SNITCHES, GENES & HORMONES An oddball trio of health-related features aired, one on each newscast. Blue Cross of California is in trouble with the state's physicians for seeming to ask them to snitch on their own patients. In a letter the insurer asked doctors to report any undisclosed preexisting conditions. CBS' Ben Tracy reassured us that "hardly any doctors have ever sent back info on their patients." For its part Blue Cross insisted that its sole concern was accuracy of patient records; it disavowed any intention of looking for pretexts for canceling coverage. On NBC, Robert Bazell filed the second part of his Who We Are series on genetic testing of our individual DNA. Yesterday he looked at genealogy; now he turns to Myriad Genetics Labs' program for screening for cancer risk. Bazell warned us that the results are easy to misunderstand without professional counseling. ABC's A Closer Look turned to the $2bn business of selling human growth hormone to babyboomers for unauthorized cosmetic use. "Up to 30,000 healthy Americans are taking it with prescriptions," David Kerley calculated. Celebrities are part of the marketing effort, including Suzanne Somers' book The Sexy Years and actor Sylvester Stallone's preparations for his latest Rambo role. "There are reports," Kerley hinted from Capitol Hill, where baseball's Roger Clemens is about to deny doping under oath, that pitcher's wife took HGH to prepare for a bikiniclad Sports Illustrated photo shoot.
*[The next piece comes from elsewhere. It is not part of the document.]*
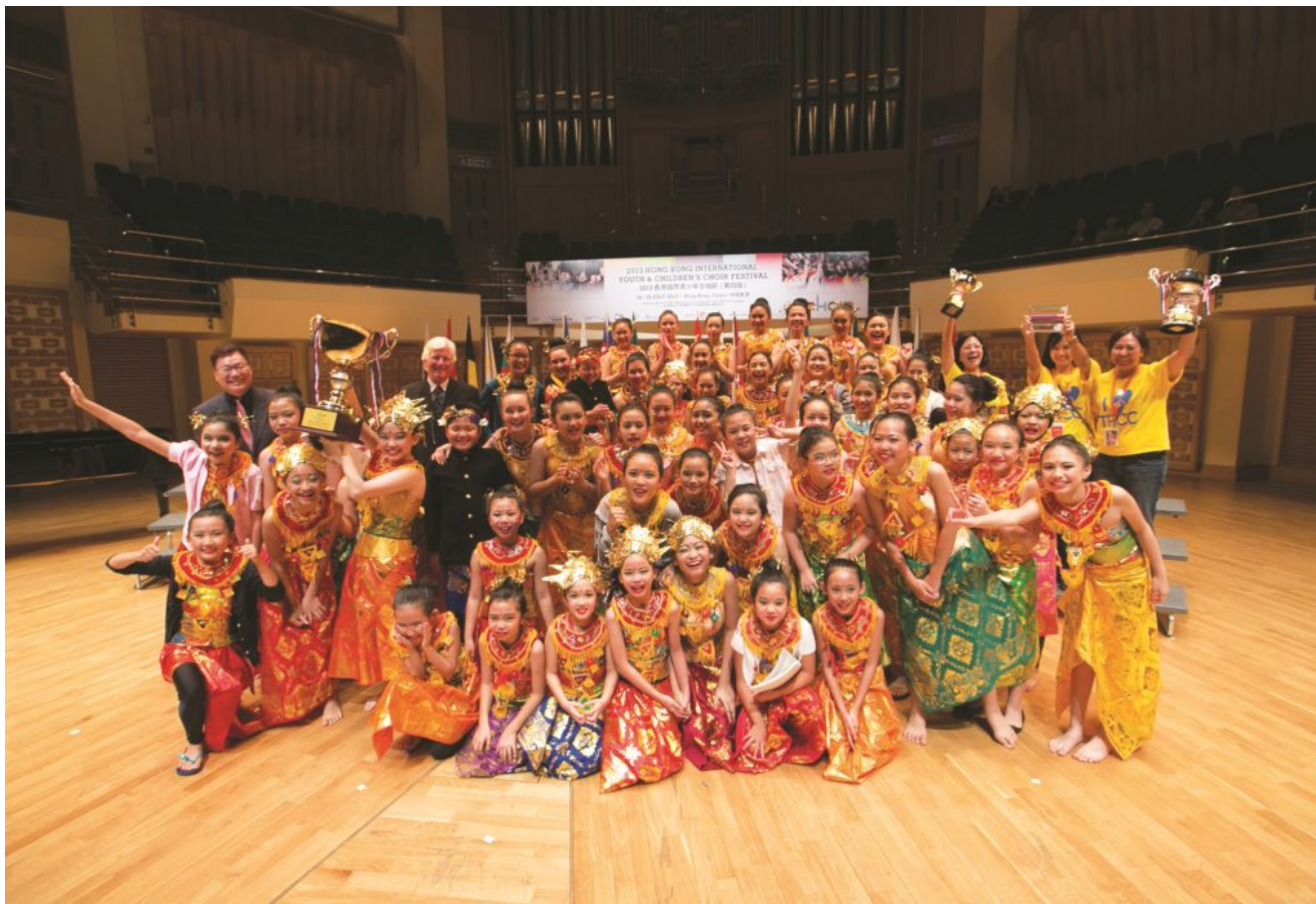
2013 HKIYCCF Choir of the World, Outstanding Conductor Award and Best Stage Effects, Champion of Choirs, SA voices (age 16 or under): The Resonanz Children Choir (Indonesia)

ELSEWHERE… The Pew Research Center's demographers received publicity from NBC's In-Depth for its predictions that the United States' population will reach 438m by 2050: 19% will be foreign-born and 47% will be white. "The researchers say the rest of the country will begin to look like California," George Lewis suggested…on CBS, John Blackstone continued his Journey to the Bottom of the Earth with a trip to the science station at the South Pole and a visit to a marine biology lab filled with unusual critters adapted to extreme cold. A shellfish, for instance, is inside out, with squishy flesh on its outside and a crunchy shell at its core.


MENTIONED IN PASSING The network newscasts do not assign correspondents to all of the news of the day. If Tyndall Report readers come across videostreamed reports online of stories that were mentioned only in passing, post the link in comments for us to check out.

Today's examples: ExxonMobil and the government of Venezuela are in a dispute over the nationalization of oil resources…a Russian bomber buzzed the USNavy's aircraft carrier Nimitz in Pacific waters…President George Bush denounced white supremacist displays of lynchmob nooses…Australia formally apologized to its Aborigine population for its history of discrimination and neglect…movie director Steven Spielberg has severed his artistic connection with the Beijing Olympic Games in a Darfur-inspired protest against the support of Sudan by the People's Republic of China…a beagle is favored to win Best In Show from the Westminster Kennel Club.